AlgebraOfGraphics documentation frustrations

After undertaking one more attempt to wrap my head around AlgebraOfGraphics I started to suspect the problem is not only me being stupid, lazy, and unable to abstract logical thinking.

Ok, please help me to make some simple plots. First let’s produce some sample data

using AlgebraOfGraphics, DataFrames

# sample data
function make_y(v, n)
    m = Matrix{Float64}(undef, length(v), n)
    for i in 1:n
        e = 0.4 + i * 0.1
        m[:, i] = v .^ e
    end
    return m
end

xs = 0.0:10
m = hcat(xs, make_y(xs, 5))
nms = vcat("x", ["y$n" for n in 1:5])
df = DataFrame(m, nms)

I’d like to have

  • Lines of the same color
  • Lines differentiated in color using default palette
  • Lines differentiated in color using given palette from ColorSchemes.jl (if supported)
  • Lines differentiated in style
  • Scatter differentiated in color
  • Scatter differentiated marker form

OK, the first is easy and kind of logical:

plt = data(df) * mapping(:x, names(df)[2:end] .=> :y) * visual(Lines) |> draw

You’re starting out with a wide-format dataframe which is not the most convenient format for AlgebraOfGraphics. It does have some convenience built in for that case as well, but generally it’s a bit easier to start with long-format because then you don’t have to wrangle the multi-dimensional mappings.
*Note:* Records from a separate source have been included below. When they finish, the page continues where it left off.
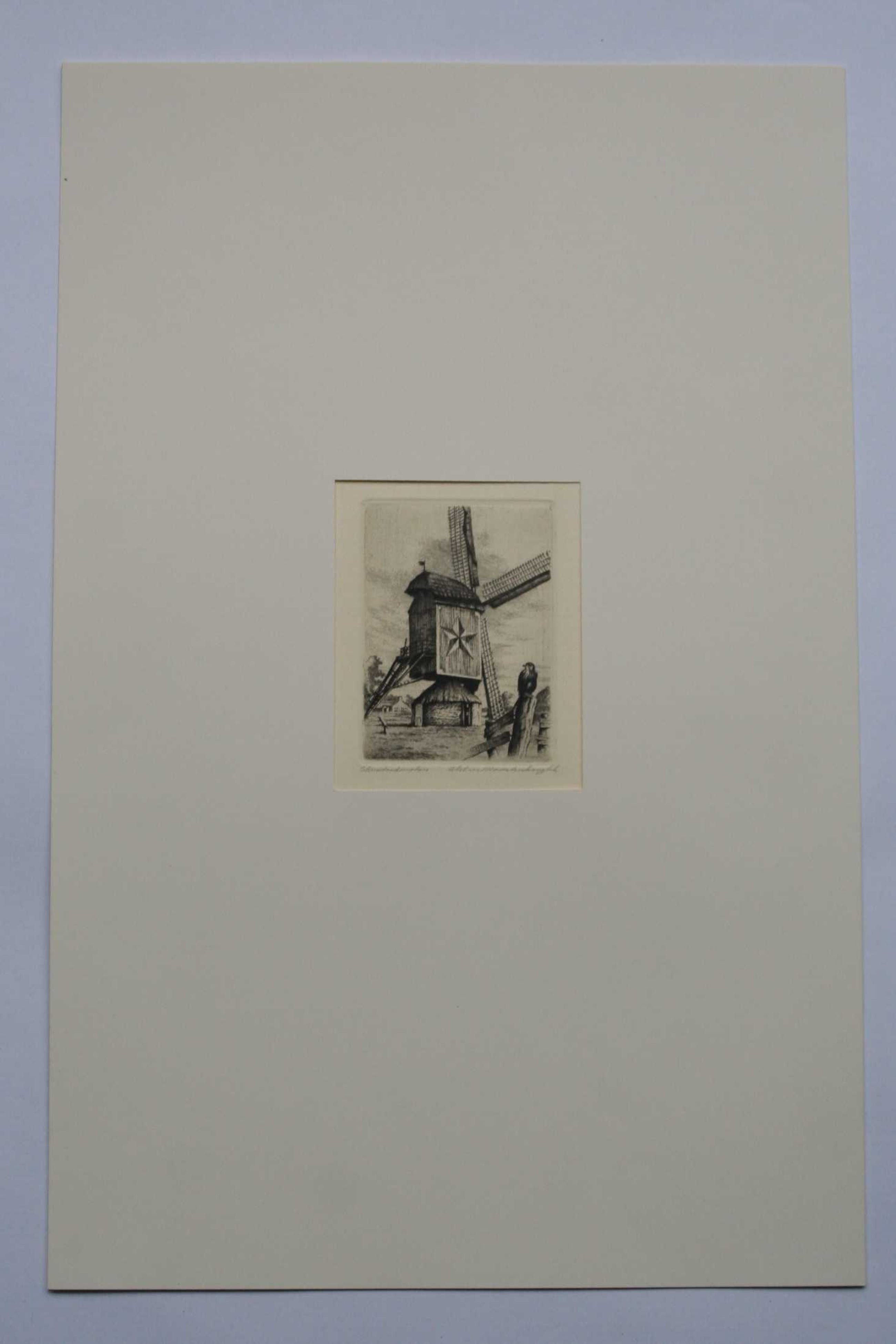 Ets op papier van 21 x 16 cm. Eenvoudig vastgezet in passe partout, Maat afbeelding en passe partout staat hierboven. Gesigneerd met atelier Langbroek (mogelijk uitgegeven door weduwe Langbroek). Wordt plat verzonden tussen platen.
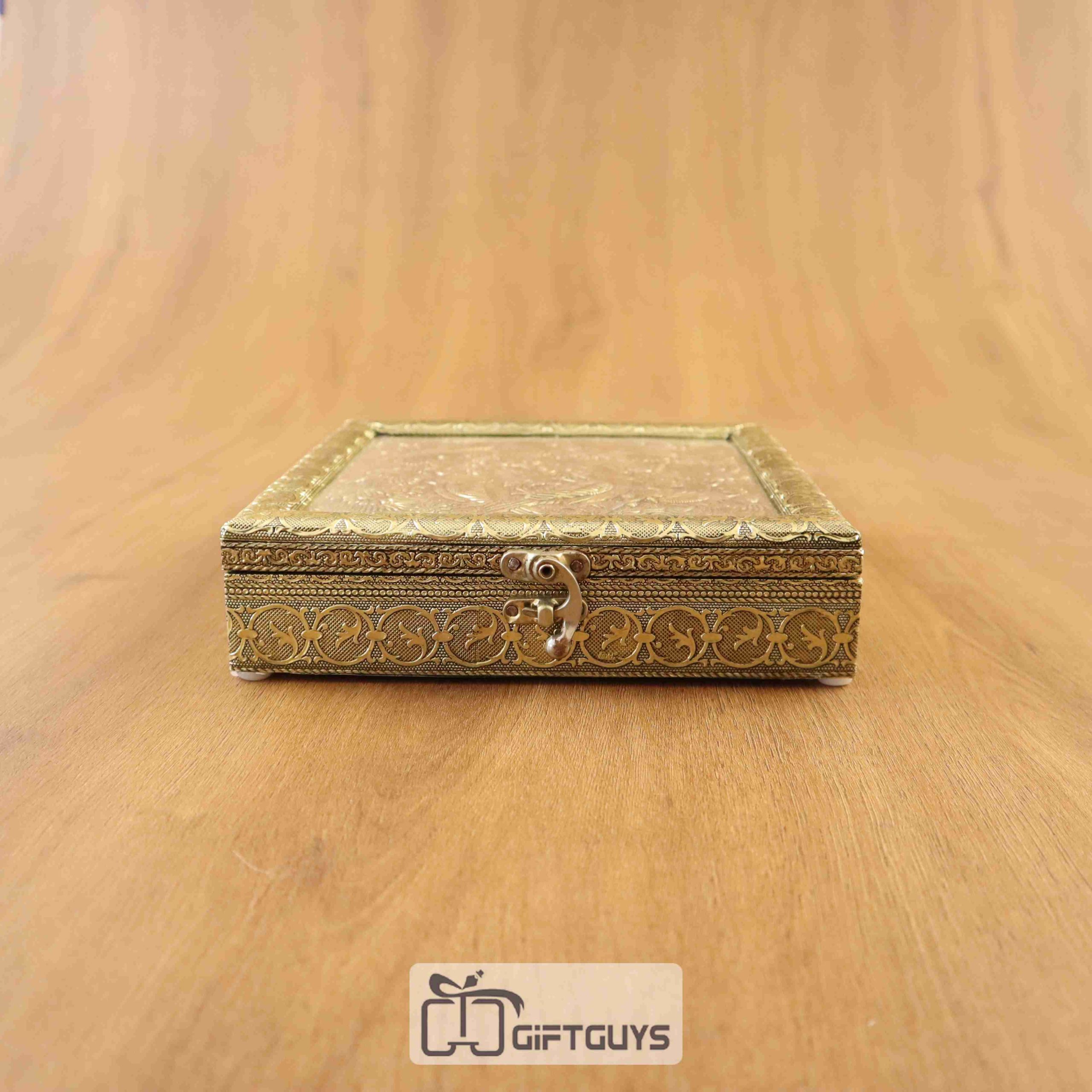 Oxidised golden dry fruit box with embossed royal Sparrow design and 4 compartments – ideal for festive and premium gifting.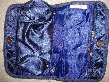 E' una pochette blu notte elegantissima e con moltissime tasche e zip di sicurezza e alcune parti possono anche essere estraibili per il trasporto separato. Ad esempio solo porta occhiali o cellulare/Smarthphone. Oggetto assolutamente unico ed introvabile provate pure a cercarlo in giro non esiste niente del genere.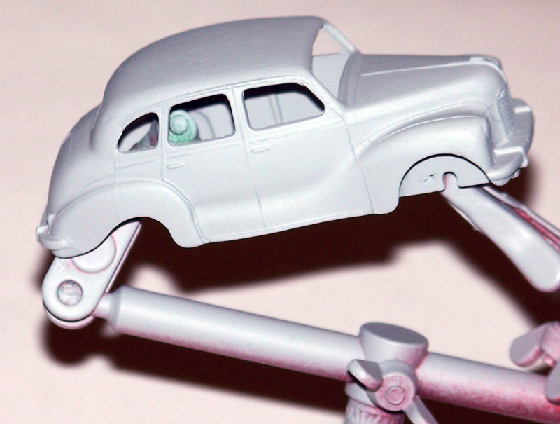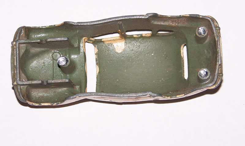 A very poor repaint, and the original color was olive green, as shown on the inside shot. There was also some damage to the roof, scratches and dings, these were rubbed with wire wool and primer added. This was sufficient to hide the blemishes. This car had little damage so a paint strip, primer and a few top coats of green. Silver paint applied to the radiator grille, lights, door handles etc. finished the painting of the body. The base was painted black and was refitted to the body with 4-40 screws. A new box template was created.
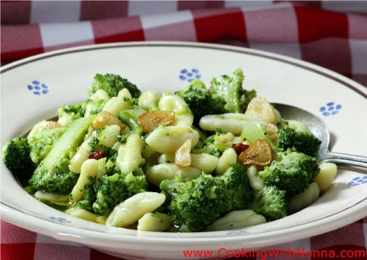 5. In a saute pan, add 6 Tbs of EV olive oil and make it hot.  Add the garlic and the peperoncino. Once the garlic turns golden, pour the oil and the garlic over the Cavatelli. Mix and serve.

Let me try to put it into high-level perspective: In AlgebraOfGraphics you use a tabular data source and specify columns you want to plot. These columns are split into groups by specifying categorical columns in mapping. Each group then becomes one “trace” or separate plot, maybe split across facets even if you use layout, row or col. But there’s another higher level of grouping and that’s the multidimensional or “wide” case. This means that you basically define a “tensor” of mappings and for each element in this tensor you do the whole pipeline of grouping by categorical columns etc. So here it’s just a one-dimensional tensor (the vector of y columns) but it can go to arbitrarily many dimensions in principle. The dimensions don’t matter much except for the dims mapping helper which is special as it makes a faux categorical variable along one (or more, but usually one) dimension of the mapping tensor. This is cool and all, but the zero-dimensional case (where all mappings are just symbols) or long-format is the simplest and should be what you start with.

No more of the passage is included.